Must the cores of a multi-core CPU all share L3 caches? is it possible that a cpu has several L3 level caches? For example, suppose a cpu has 24 cores, and no three cores share a L3 cache, so there are 8 L3 caches.
1 Answer
AMD Zen family does this with each "core complex" (CCX) of 4 or 8 cores sharing an L3, but no whole-chip shared cache outside that. AMD's Infinity Fabric connects the CCXs to each other and to memory controllers and I/O, with many-core CPUs build out of multiple modules of CCXs + memory controllers + I/O.
This is a lot like traditional multi-socket systems where each socket had a chip with one shared L3 for all its cores, and links to other sockets with snoop filters to keep bandwidth down to manageable levels (and keep latency fast within one socket / CCX).

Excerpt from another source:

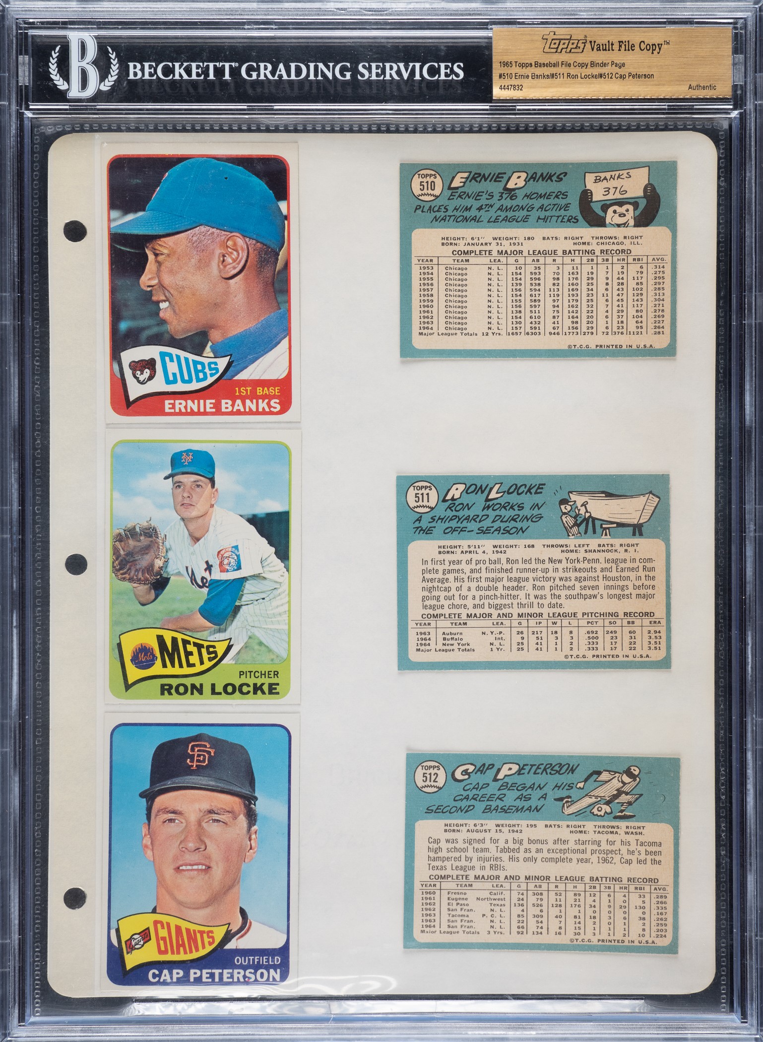 1965 Topps File Copy Binder Page with Ernie Banks - Beckett and Topps Vault

There are NUMA-style inter-core latency differences for pairs of cores within the same CCX vs. in different CCXs.
The low-end models only have one CCX, which is up to 4 cores in Zen 1 & 2,
or up to 8 cores in Zen 3 and 4. The amount of L3 cache per CCX can vary by model with one generation.
For more details see:
https://en.wikichip.org/wiki/amd/microarchitectures/zen#CPU_Complex_.28CCX.29
https://en.wikichip.org/wiki/amd/microarchitectures/zen_2#Core_Complex
https://en.wikichip.org/wiki/amd/microarchitectures/zen_3#Key_changes_from_Zen_2
https://chipsandcheese.com/2022/11/08/amds-zen-4-part-2-memory-subsystem-and-conclusion/
Intel has also done this in a much worse way, for Core 2 Quad by basically sticking two Core 2 Duo dies in one package, with the interconnect between them being the FSB (frontside bus) which was about as slow as going to DRAM. (Last-level cache in those days was L2, so it was two separate L2 caches.) See the "Final Words (Dunnington)" section in chips&cheese's historical look back at Dunnington for some description of how things worked in Core 2 Quads that didn't have its uncore / shared L3, literally just having the other chip snoop the shared FSB and respond instead of DRAM if it had a copy of the line.

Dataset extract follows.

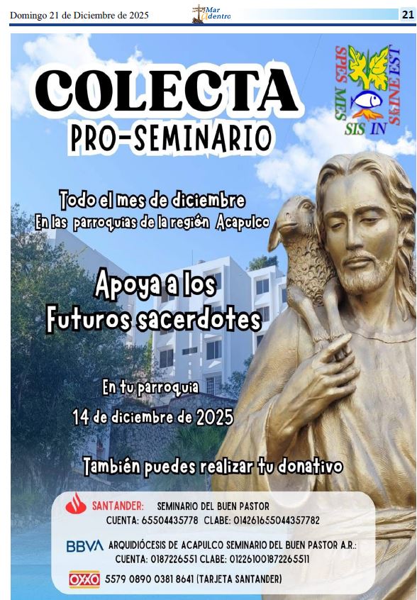 E’ la proposta di adozioni a distanza per tre anni (2025-2027) di cinque seminaristi dell’Arcidiocesi di Acapulco in Messico in Messico, con una offerta annua di Euro 300 per un totale di 900 Euro.

Some modern chips have groups of 2 to 4 cores sharing a medium-sized L2, but with multiple groups on the same processor all backed by a large shared L3. For example Intel's E-cores in Alder Lake do this.
AMD's Bulldozer-family did even tighter coupling of a pair of weak integer cores sharing a front-end and L1i cache, and the SIMD/FP unit (calling it CMT as an alternative to SMT.) But separate per-core write-through L1d caches with a shared L2. https://www.realworldtech.com/bulldozer/2/. There was a single L3 shared across the whole chip, though. Bulldozer was overall not very high performance for a lot of reasons.

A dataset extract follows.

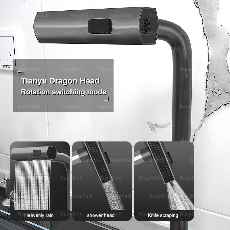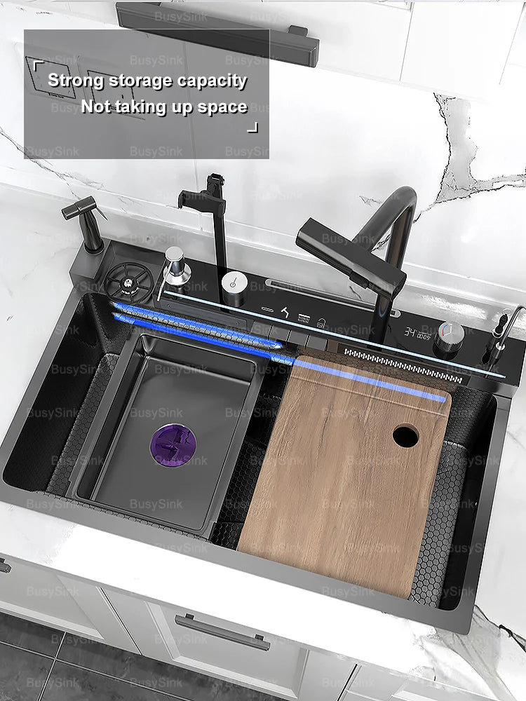 Household Digital Display Piano Button Waterfall Faucet Stainless Steel Kitchen Sink Large Single Bowl Multifunctional Wash Slot

ARM Cortex-A510 can be clustered in a similar way, sharing an FPU, L2 cache, and L2 TLB. (chipsandcheese discusses the tradeoffs for that in-order efficiency core). But again, there's normally a shared L3 as a backstop outside this.
Apple A14 has 8MiB of L2 cache shared between the two Firestorm big-cores. But there's also a slower L3 shared last-level cache for them + the Ice Storm E-cores and the GPU etc.